De pacht is een overeenkomst waarbij een partij – de verpachter – de verbintenis aangaat het tijdelijke genot over onroerende goederen, hoofdzakelijk gebruikt voor een landbouwbedrijf, te verschaffen aan een andere partij – de pachter – tegen betaling van een vergoeding. Het is met andere woorden een huurovereenkomst met als voorwerp een goed dat hoofdzakelijk tot landbouwbedrijf bestemd is. Onder landbouwbedrijf verstaan we het voortbrengen van landbouwproducten die in hoofdzaak bestemd zijn voor de verkoop. De wet voorziet exhaustief de uitzonderingen, zoals industriële vetmesterijen.

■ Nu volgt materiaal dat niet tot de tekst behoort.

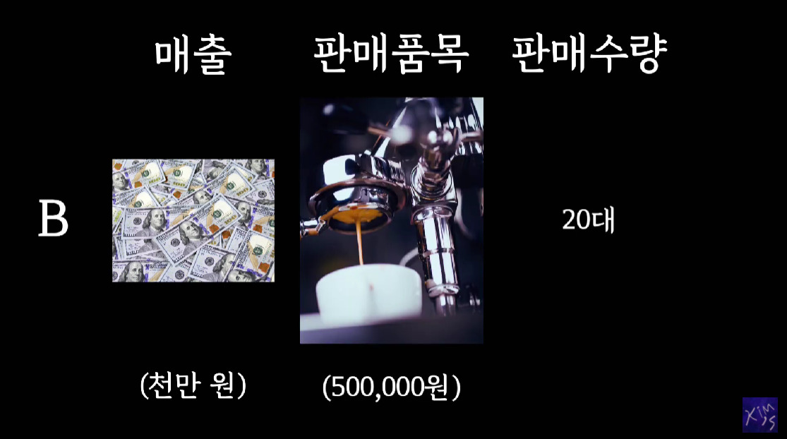 B는 50만 원의 커피 머신을 20대만 팔면 됐기 때문입니다.

De bescherming van de pachter bestaat onder meer uit een vereenvoudigde bewijsregeling voor het bestaan van de pachtovereenkomst, een garantie van een minimumduur van negen jaar, een beperking van de opzeggingsmogelijkheden door de verpachter, een beperking van de pachtprijs (een pachtprijzencommissie bepaalt voor drie jaar en per landbouwstreek een coëfficiënt waarmee het kadastraal inkomen van het perceel vermenigvuldigd kan worden om aldus de maximumpachtprijs te berekenen), de mogelijkheden om de pachtovereenkomst over te dragen en een recht van voorkoop in geval van vervreemding van het verpachte goed. De pachter heeft ook het recht gebouwen op te richten en werken uit te voeren die nuttig zijn voor de bewoonbaarheid of dienstig zijn voor de exploitatie en hij heeft recht op bepaalde vergoedingen bij het einde van de overeenkomst. De initiële pachtovereenkomst kan verlengd worden na verloop van haar duurtijd. In tegenstelling tot wat het geval is voor de handelshuurovereenkomst, hoeft de pachter hiervoor niets te ondernemen. Bij gebrek aan een rechtsgeldige opzegging (de procedure inzake pacht is zeer formalistisch) wordt de pacht telkens automatisch verlengd voor een periode van negen jaar. Omdat pacht een gewestelijke materie geworden is, werd de Pachtwet vervangen door het Vlaams Pachtdecreet. In dit decreet blijven de beschermingsmechanismen voor de pachter gelden.